»»

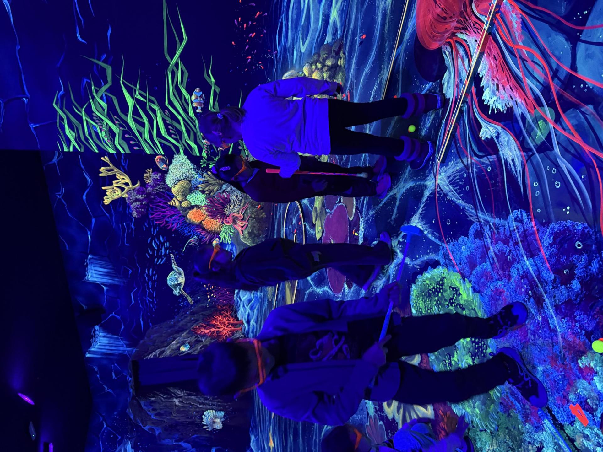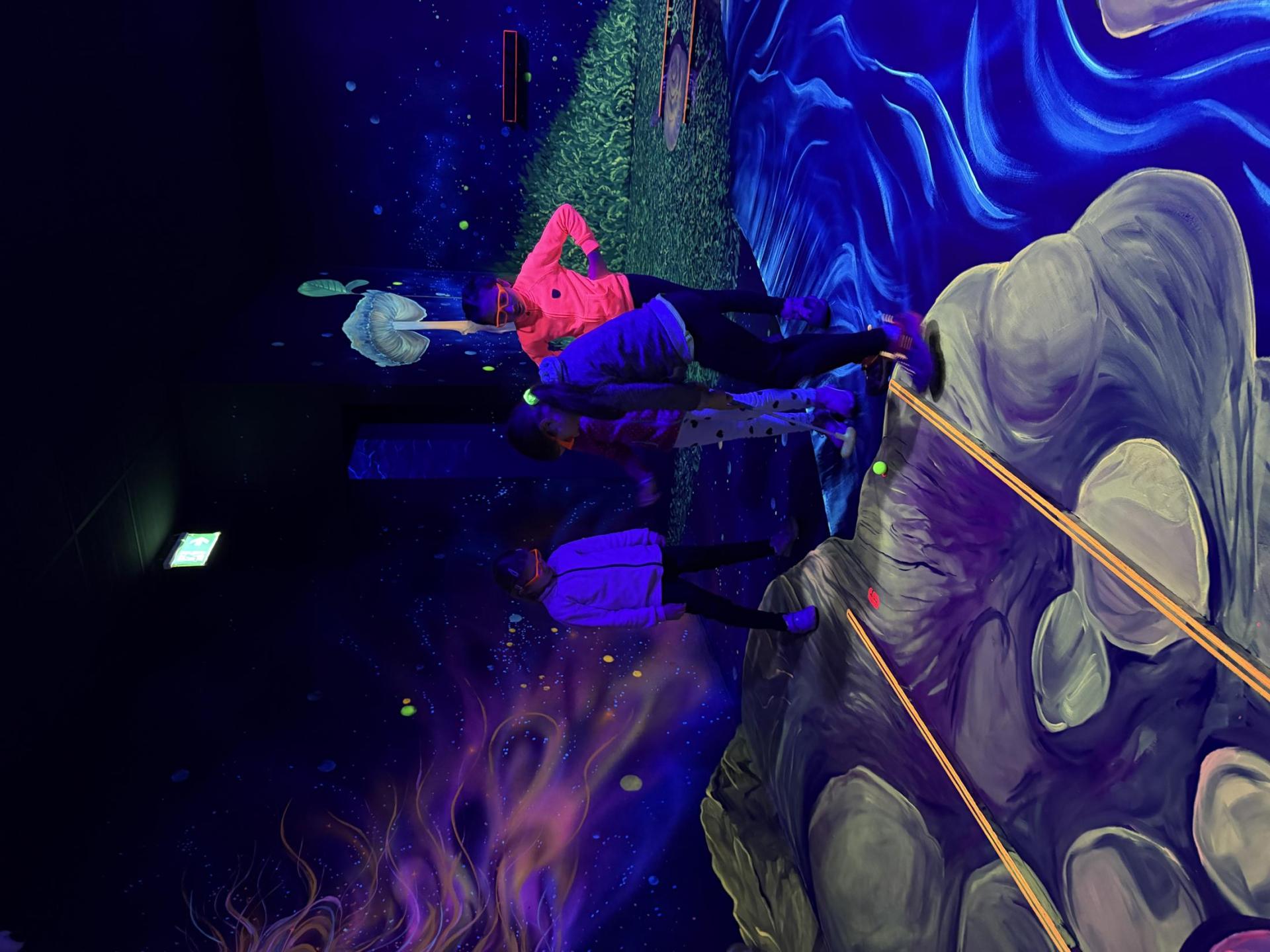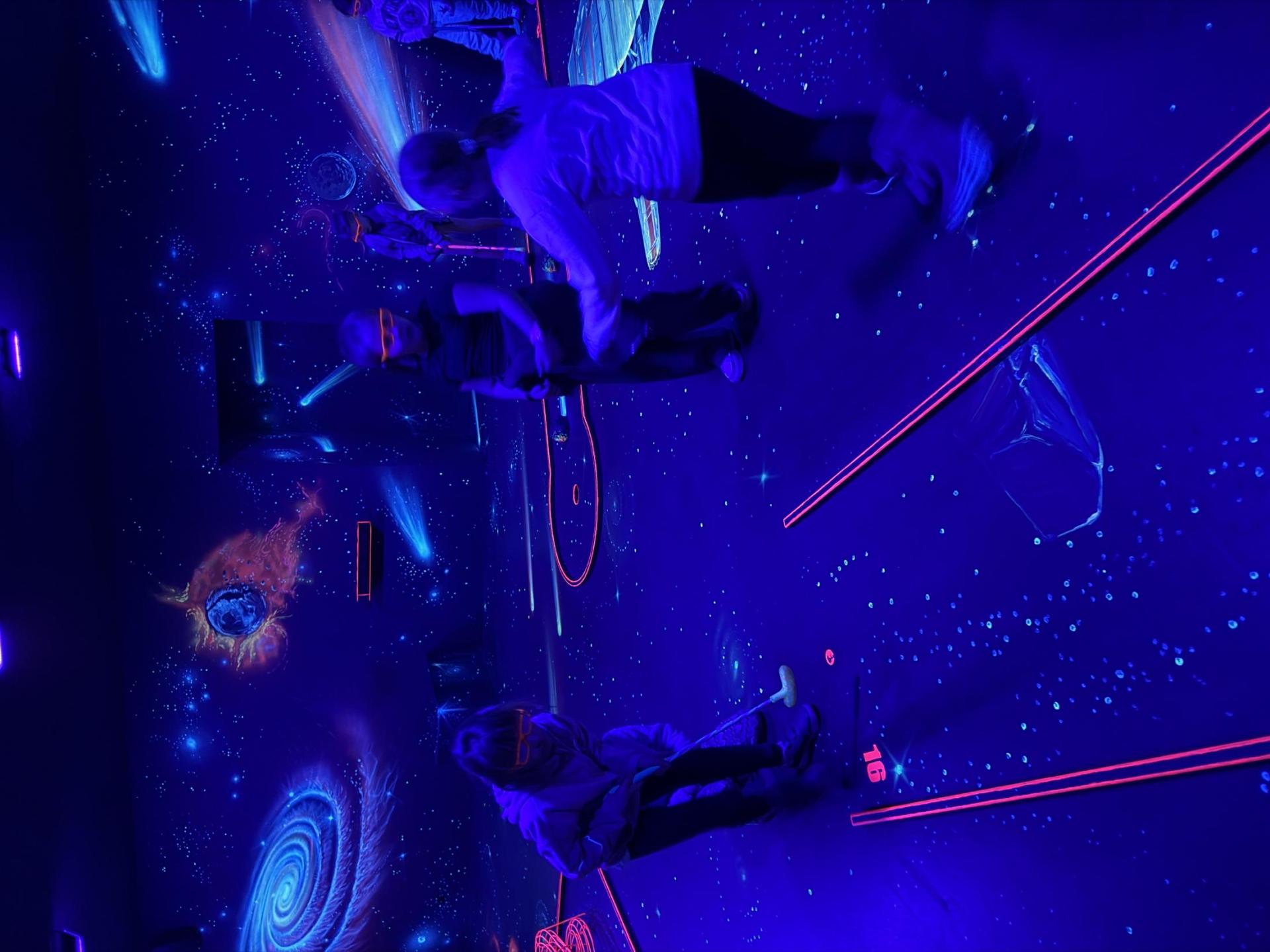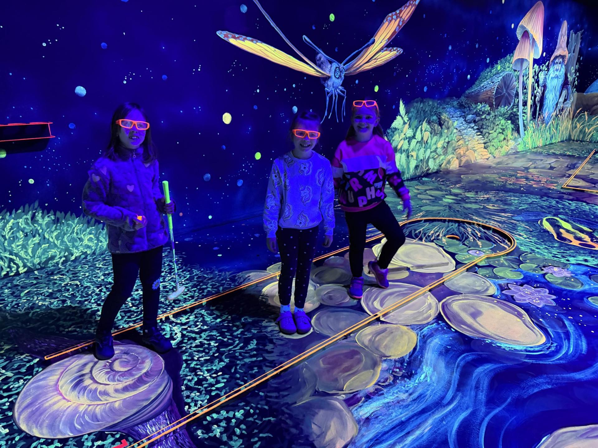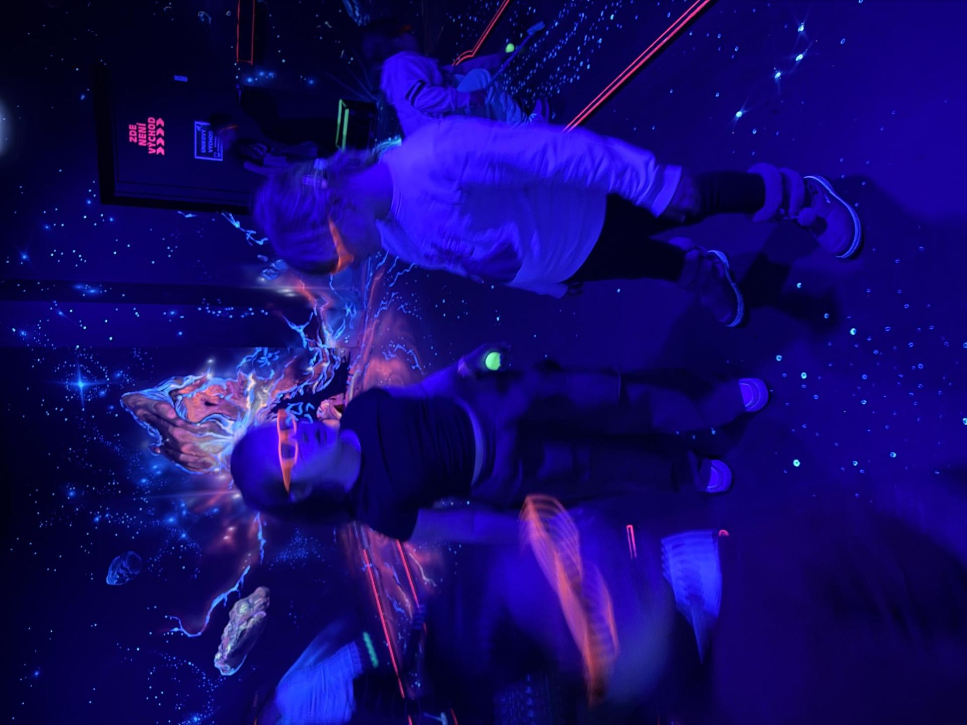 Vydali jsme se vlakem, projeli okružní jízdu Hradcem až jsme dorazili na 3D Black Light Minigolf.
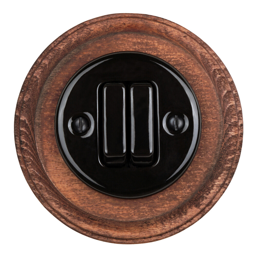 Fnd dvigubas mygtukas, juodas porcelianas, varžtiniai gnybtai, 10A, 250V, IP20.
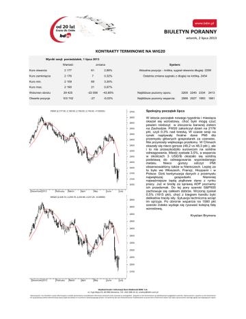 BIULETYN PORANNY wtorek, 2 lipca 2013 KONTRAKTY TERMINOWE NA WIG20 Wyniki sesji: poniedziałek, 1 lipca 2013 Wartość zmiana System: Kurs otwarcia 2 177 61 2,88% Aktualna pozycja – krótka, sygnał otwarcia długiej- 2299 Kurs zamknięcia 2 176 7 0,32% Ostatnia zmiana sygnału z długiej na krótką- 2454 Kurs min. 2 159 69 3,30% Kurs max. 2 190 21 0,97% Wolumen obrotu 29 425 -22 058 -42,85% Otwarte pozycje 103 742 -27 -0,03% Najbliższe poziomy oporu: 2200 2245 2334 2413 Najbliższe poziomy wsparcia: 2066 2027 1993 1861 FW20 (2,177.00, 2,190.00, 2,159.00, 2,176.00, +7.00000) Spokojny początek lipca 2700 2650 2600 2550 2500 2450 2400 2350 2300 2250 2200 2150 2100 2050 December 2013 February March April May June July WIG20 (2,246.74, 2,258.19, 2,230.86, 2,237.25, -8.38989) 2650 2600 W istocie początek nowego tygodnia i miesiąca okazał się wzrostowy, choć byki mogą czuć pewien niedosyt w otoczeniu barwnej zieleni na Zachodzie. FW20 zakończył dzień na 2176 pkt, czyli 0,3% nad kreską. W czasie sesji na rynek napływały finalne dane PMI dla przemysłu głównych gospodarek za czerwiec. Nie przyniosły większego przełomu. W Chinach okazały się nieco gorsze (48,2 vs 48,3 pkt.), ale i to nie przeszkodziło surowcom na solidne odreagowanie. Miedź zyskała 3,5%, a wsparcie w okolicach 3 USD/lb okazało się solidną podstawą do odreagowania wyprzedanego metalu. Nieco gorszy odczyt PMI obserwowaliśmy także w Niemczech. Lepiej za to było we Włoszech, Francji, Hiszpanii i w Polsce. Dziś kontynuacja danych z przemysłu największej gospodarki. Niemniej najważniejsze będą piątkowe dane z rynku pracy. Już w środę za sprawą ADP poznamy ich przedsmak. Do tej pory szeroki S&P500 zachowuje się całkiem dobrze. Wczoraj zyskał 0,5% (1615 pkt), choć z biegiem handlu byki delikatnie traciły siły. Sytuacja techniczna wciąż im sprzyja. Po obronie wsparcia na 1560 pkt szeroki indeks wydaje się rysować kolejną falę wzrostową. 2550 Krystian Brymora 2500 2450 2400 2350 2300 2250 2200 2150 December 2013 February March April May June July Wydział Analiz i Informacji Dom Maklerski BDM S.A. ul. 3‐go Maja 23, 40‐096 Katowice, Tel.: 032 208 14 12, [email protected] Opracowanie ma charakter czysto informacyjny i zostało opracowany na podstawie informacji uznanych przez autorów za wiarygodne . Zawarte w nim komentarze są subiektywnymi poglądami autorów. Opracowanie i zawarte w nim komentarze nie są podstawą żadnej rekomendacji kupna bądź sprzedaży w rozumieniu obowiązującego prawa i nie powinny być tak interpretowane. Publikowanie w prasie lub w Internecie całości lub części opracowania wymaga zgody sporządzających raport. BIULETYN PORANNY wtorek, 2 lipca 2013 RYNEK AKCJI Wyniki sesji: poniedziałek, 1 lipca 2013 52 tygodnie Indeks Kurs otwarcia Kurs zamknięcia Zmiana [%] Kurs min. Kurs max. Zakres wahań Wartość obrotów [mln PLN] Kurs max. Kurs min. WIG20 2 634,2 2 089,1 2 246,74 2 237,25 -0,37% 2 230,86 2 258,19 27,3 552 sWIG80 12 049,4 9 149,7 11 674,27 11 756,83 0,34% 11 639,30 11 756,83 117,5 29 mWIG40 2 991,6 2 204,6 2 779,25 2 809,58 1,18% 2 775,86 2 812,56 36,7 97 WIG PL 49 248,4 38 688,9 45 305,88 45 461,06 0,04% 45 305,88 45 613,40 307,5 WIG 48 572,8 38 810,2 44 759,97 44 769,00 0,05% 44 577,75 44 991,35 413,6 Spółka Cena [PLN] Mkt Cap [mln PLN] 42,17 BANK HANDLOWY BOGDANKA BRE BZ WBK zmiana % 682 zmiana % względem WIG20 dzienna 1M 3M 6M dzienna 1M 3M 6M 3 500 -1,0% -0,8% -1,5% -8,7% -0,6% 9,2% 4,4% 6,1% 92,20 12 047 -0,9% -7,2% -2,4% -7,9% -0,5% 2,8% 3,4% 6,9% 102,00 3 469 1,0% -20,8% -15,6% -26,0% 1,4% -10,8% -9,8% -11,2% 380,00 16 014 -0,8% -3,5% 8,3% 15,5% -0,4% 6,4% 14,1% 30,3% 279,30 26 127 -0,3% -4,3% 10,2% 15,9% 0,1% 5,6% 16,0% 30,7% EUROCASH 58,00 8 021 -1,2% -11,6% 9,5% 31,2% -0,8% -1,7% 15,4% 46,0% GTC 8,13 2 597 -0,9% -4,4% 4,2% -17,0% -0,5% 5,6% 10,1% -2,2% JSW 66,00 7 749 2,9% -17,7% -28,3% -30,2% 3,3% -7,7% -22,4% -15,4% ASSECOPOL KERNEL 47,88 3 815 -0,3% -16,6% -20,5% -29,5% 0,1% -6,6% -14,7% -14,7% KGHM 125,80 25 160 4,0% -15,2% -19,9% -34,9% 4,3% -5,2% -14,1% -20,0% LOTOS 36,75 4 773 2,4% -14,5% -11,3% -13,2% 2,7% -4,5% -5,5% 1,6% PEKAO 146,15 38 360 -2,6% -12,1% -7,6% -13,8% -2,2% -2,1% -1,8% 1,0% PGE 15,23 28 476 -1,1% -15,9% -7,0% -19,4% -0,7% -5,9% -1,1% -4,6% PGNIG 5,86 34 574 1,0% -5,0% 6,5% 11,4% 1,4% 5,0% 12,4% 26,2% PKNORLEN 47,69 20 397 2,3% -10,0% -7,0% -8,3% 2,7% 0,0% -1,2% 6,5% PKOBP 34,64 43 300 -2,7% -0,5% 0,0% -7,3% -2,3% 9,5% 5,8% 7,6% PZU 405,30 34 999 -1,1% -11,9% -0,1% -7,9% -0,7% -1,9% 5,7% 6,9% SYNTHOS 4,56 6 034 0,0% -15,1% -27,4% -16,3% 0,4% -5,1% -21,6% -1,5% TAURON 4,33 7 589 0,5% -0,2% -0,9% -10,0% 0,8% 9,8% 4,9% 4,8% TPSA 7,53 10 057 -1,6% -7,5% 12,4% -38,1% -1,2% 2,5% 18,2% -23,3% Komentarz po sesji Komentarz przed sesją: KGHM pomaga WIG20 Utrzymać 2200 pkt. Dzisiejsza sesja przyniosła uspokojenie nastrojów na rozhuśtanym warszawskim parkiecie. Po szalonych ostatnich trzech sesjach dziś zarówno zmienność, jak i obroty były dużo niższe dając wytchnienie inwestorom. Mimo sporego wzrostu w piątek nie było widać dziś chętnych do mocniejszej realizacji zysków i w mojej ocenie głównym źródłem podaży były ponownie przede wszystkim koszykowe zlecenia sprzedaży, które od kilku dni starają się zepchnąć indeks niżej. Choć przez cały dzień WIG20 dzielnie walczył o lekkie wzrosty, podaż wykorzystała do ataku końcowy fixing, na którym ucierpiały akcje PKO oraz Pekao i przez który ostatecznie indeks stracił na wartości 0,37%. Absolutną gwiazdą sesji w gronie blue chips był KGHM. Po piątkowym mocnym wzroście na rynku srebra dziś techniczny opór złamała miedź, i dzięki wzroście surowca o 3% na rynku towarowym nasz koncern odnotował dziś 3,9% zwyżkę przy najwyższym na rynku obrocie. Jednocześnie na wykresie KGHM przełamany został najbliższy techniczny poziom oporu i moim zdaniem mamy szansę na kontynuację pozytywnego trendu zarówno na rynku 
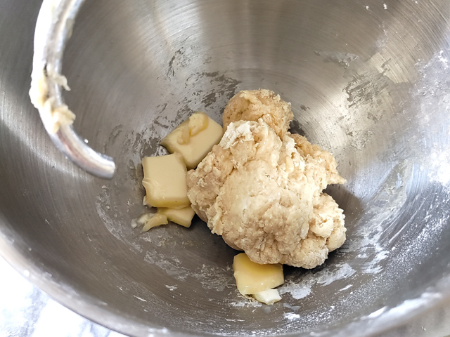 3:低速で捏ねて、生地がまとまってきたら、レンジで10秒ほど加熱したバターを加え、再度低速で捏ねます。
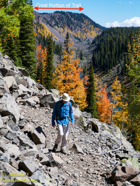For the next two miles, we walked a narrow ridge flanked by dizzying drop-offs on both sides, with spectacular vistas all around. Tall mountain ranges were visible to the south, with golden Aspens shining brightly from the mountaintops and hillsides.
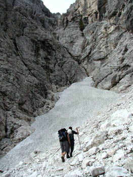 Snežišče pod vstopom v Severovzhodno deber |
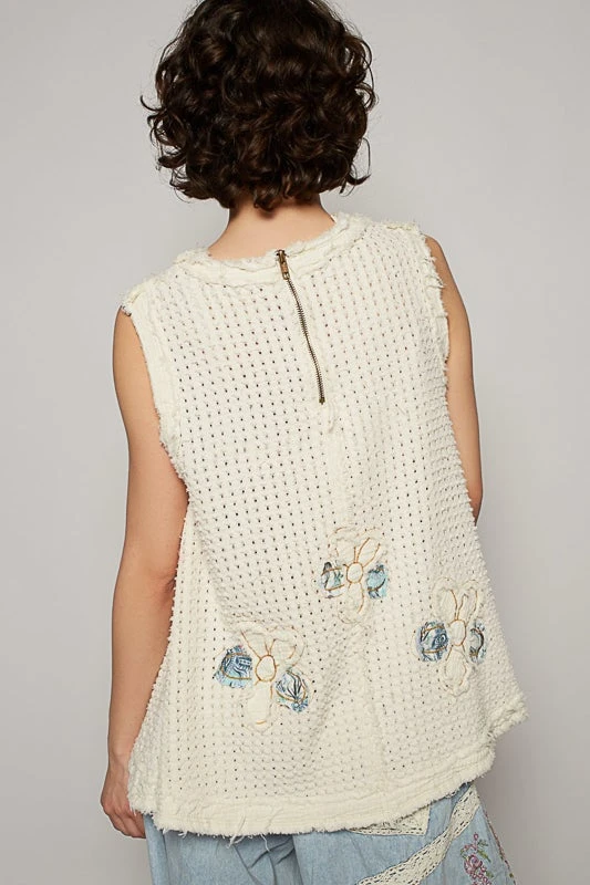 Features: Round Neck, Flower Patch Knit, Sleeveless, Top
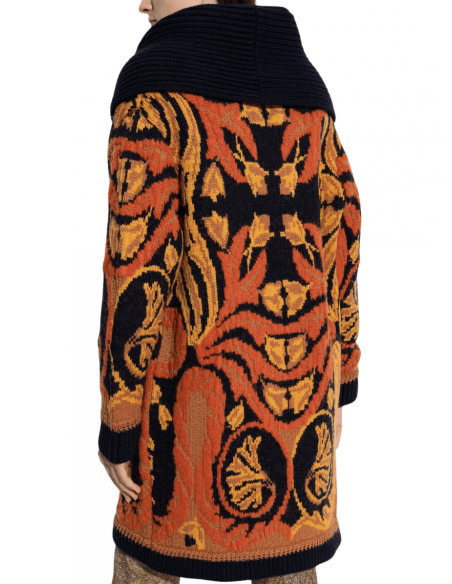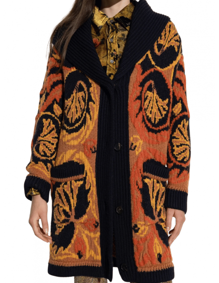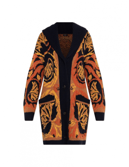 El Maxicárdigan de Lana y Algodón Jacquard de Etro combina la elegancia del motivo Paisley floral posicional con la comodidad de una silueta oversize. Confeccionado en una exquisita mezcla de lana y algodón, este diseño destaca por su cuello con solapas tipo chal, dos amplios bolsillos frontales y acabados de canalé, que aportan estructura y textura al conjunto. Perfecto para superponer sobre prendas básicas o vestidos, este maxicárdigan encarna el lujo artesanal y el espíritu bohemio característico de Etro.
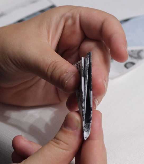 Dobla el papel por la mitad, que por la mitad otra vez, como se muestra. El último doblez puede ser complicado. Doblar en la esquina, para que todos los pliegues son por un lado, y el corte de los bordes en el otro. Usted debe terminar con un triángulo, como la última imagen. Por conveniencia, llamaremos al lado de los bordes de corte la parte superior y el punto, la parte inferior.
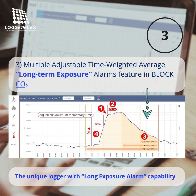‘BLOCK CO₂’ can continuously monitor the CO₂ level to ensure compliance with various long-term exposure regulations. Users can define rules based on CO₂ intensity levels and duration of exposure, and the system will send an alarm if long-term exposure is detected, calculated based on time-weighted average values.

««

* [TASK REQUIREMENTS]:
Return only the lines from the start of the data through the line that contains "Fnd dvigubas mygtukas, juodas", please, copying them exactly and omitting all pictures.

* [SOLUTION TO THE EXERCISE]:
 Vydali jsme se vlakem, projeli okružní jízdu Hradcem až jsme dorazili na 3D Black Light Minigolf.
 Fnd dvigubas mygtukas, juodas porcelianas, varžtiniai gnybtai, 10A, 250V, IP20.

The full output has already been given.